Re: [PATCH v2] timekeeping: move multigrain timestamp floor handling into timekeeper
From: John Stultz
Date: Thu Sep 12 2024 - 16:11:56 EST
On Thu, Sep 12, 2024 at 11:02 AM Jeff Layton <jlayton@xxxxxxxxxx> wrote:
>
> The kernel test robot reported a performance hit in some will-it-scale
> tests due to the multigrain timestamp patches. My own testing showed
> about a 7% drop in performance on the pipe1_threads test, and the data
> showed that coarse_ctime() was slowing down current_time().

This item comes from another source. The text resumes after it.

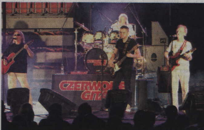
„Czerwone Gitary” grają na scenie od 1965 roku.

także utworów z ostatniej płyty zespołu zatytułowanej „OK”. Koncert legendarnej grupy był również testem dla kwidzyńskiej hali, w której to po raz pierwszy zorganizowano takie wydarzenie. Trzeba przyznać, że hala w nowej roli sprawdziła się znakomicie i miejmy nadzieję, że będzie to stałe miejsce koncertowych wydarzeń w Kwidzynie. (fox)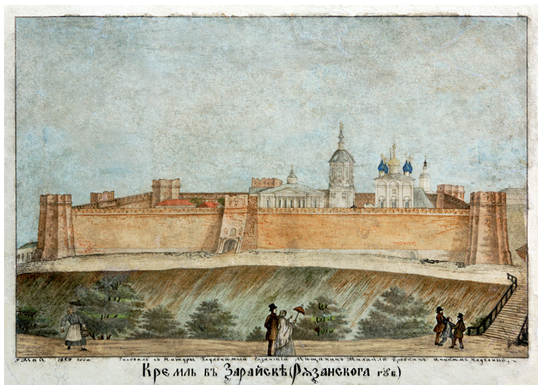
Илл. 2. Кремль в Зарайске (Бровкин М. С. Бумага, акварель. 1859 г. Государственный музей-заповедник «Зарайский кремль»)

So, you provided some useful detail about why coarse_ctime() was slow
in your reply earlier, but it would be good to preserve that in the
commit message here.
> Move the multigrain timestamp floor tracking word into timekeeper.c. Add
> two new public interfaces: The first fills a timespec64 with the later
> of the coarse-grained clock and the floor time, and the second gets a
> fine-grained time and tries to swap it into the floor and fills a
> timespec64 with the result.
>
> The first function returns an opaque cookie that is suitable for passing
> to the second, which will use it as the "old" value in the cmpxchg.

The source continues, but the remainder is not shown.